The poems in this collection revolve around the saola, a gazelle-like creature of the Laotian Annamite mountains, where they were hunted by the Hmong. No one has seen a live saola in many years; they may be extinct.
Vang grew up in a Hmong community in Fresno, Calif. This is her third published collection of poems, and it is masterful and immersive.
Till next Saturday
Here’s the usual reminder to “like” this post or comment on it. I’ve been really enjoying the give and take of comments over the past weeks.
Paying subscribers don’t get anything special besides knowing that they support my work, and, actually, that is HUGE. Thanks to all readers for making me feel that what I write is worth reading.
—Fran
—30—




Thank you for the brilliant post. I especially liked your thoughts about the present and past meaning of six and seven.

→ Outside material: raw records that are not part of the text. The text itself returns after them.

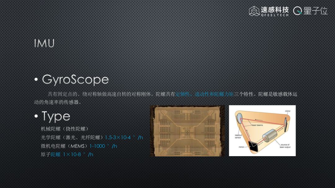 为了实现整套SLAM,除了摄像头以外,其他传感器也是特别关键的,比如说IMU(Inertial Measurement Unit),主要由陀螺仪和加速器构成。
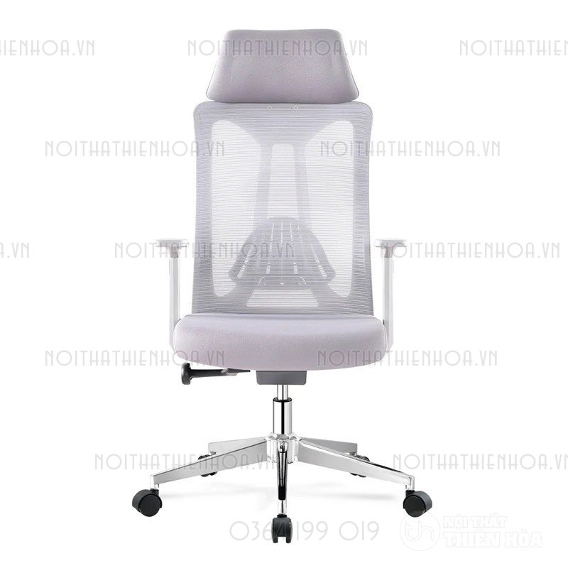 Ghế công thái học có tựa đầu giá rẻ là dòng ghế làm việc dành cho người ngồi lâu, nó được trang bị thêm một miếng nhựa tựa lưng, giúp nâng đỡ phần cột sống của người ngồi. Phần khung ghế được làm bằng loại nhựa cao cấp có độ cứng chắc và chịu lực tốt. Phía trên ghế có tựa đầu đóng vai trò như chiếc gối khi ngả nằm, còn lưng ghế được làm bằng lưới tạo cảm giác thoải mái và thoáng mát.
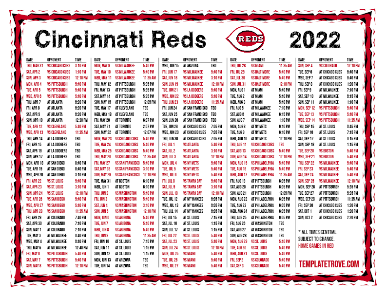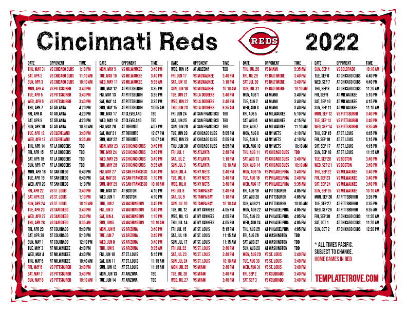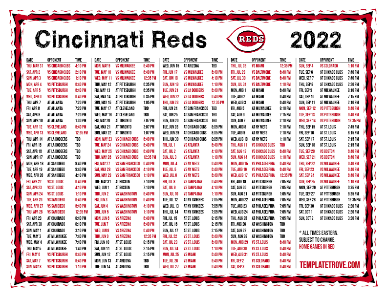 Keep up with the 2022 Cincinnati Reds with our handy printable schedules, now available for each US time zone.
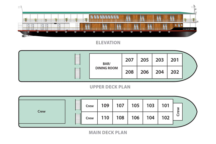 Please note that due to water levels, religious festivals, and other situations beyond our control, it is occasionally necessary to change our embarkation / disembarkation jetty. This may result in a longer transfer times and may also require access to / from the ship via a smaller 'country boat.

Wonderful synopsis of line 30 Fran. Urban industrial sprawl has made the westerly section less appealing these days. Glad you made the journey. I did drive that route one icy winter in the dark. Talk about stress!!
My all time favorite route is the 63, which travels up through Washington Park, the Rose Garden and Japanese Garden. I call it the "happy bus"because most of the ridership are tourists ;-) I'm also quite fond of line 16 because driving over the St John's Bridge 16 times a day is nothing more than delightful!